• [ASSIGNMENT]: Go to the line that contains "В двух автомобильных", then write out that line and all that follow to the end of the listing, exactly and without pictures.
╭─ THE DATA
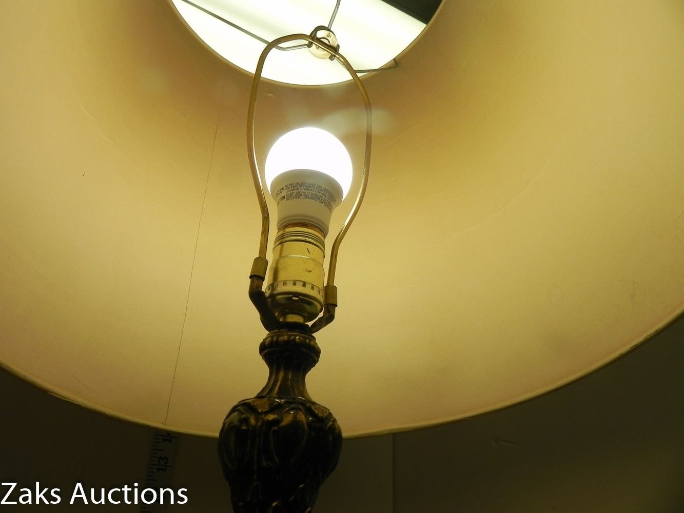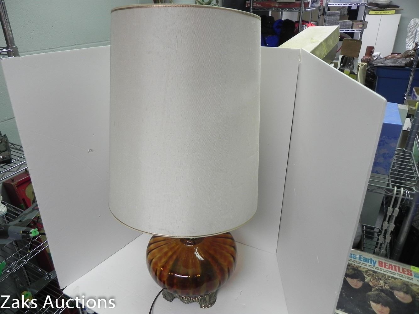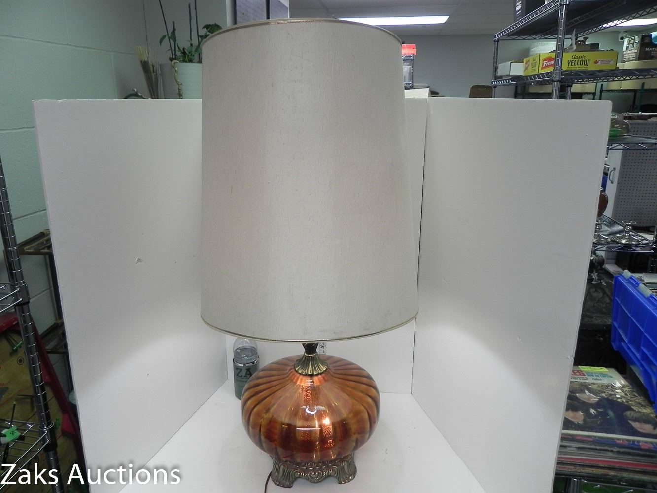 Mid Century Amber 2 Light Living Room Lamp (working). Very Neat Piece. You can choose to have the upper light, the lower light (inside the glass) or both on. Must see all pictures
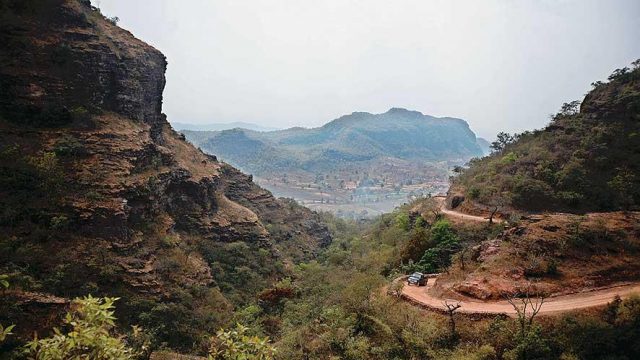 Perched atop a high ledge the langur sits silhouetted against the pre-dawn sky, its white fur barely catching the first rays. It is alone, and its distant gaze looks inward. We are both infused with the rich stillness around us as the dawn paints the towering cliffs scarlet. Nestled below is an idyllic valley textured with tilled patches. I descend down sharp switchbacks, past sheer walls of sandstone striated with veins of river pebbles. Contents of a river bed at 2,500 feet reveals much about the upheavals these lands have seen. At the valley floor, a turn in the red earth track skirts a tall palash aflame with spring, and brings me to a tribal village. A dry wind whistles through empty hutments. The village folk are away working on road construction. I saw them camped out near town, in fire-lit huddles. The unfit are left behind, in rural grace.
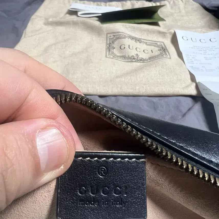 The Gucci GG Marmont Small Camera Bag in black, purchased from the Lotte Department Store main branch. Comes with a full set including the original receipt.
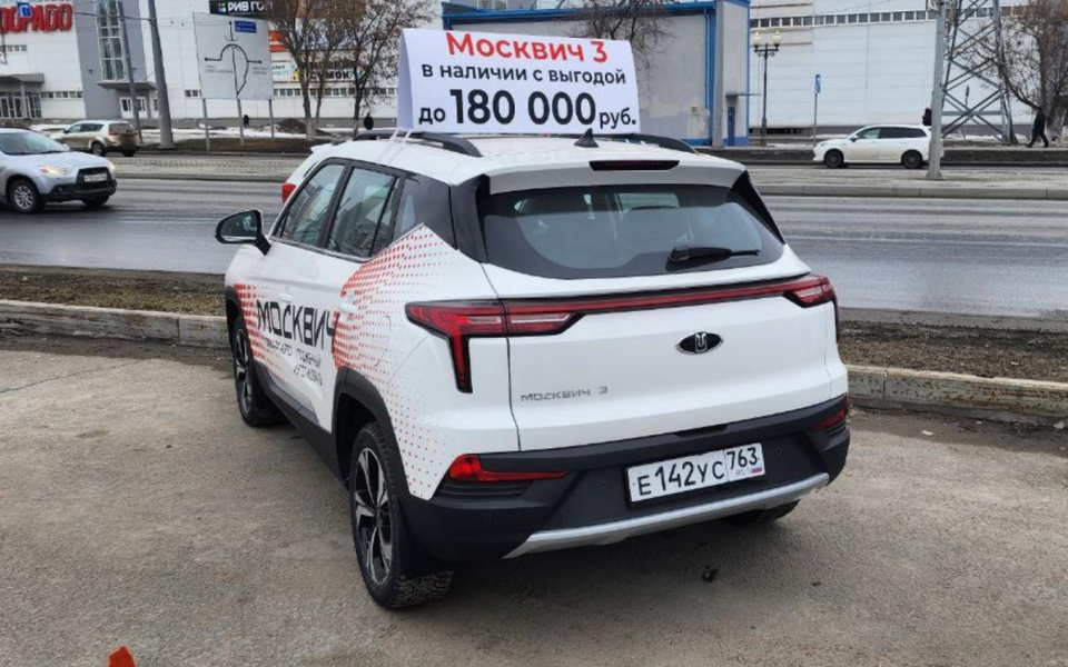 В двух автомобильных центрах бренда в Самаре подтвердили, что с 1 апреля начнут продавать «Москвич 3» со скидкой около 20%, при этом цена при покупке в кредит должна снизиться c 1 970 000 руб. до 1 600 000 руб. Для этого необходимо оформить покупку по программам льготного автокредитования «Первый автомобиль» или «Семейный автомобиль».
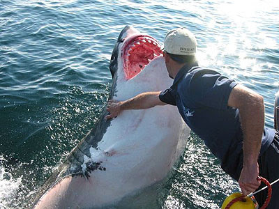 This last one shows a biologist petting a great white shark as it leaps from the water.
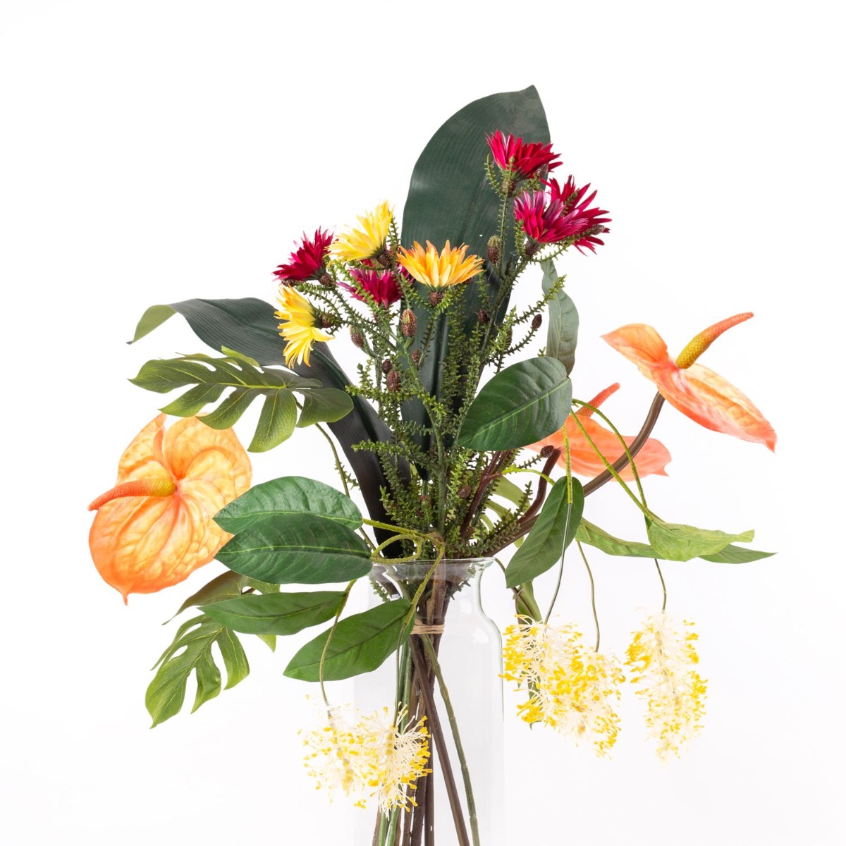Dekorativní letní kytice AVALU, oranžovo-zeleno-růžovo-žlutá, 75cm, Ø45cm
╰─
• [RESPONSE BOX]:
 В двух автомобильных центрах бренда в Самаре подтвердили, что с 1 апреля начнут продавать «Москвич 3» со скидкой около 20%, при этом цена при покупке в кредит должна снизиться c 1 970 000 руб. до 1 600 000 руб. Для этого необходимо оформить покупку по программам льготного автокредитования «Первый автомобиль» или «Семейный автомобиль».
 This last one shows a biologist petting a great white shark as it leaps from the water.
Dekorativní letní kytice AVALU, oranžovo-zeleno-růžovo-žlutá, 75cm, Ø45cm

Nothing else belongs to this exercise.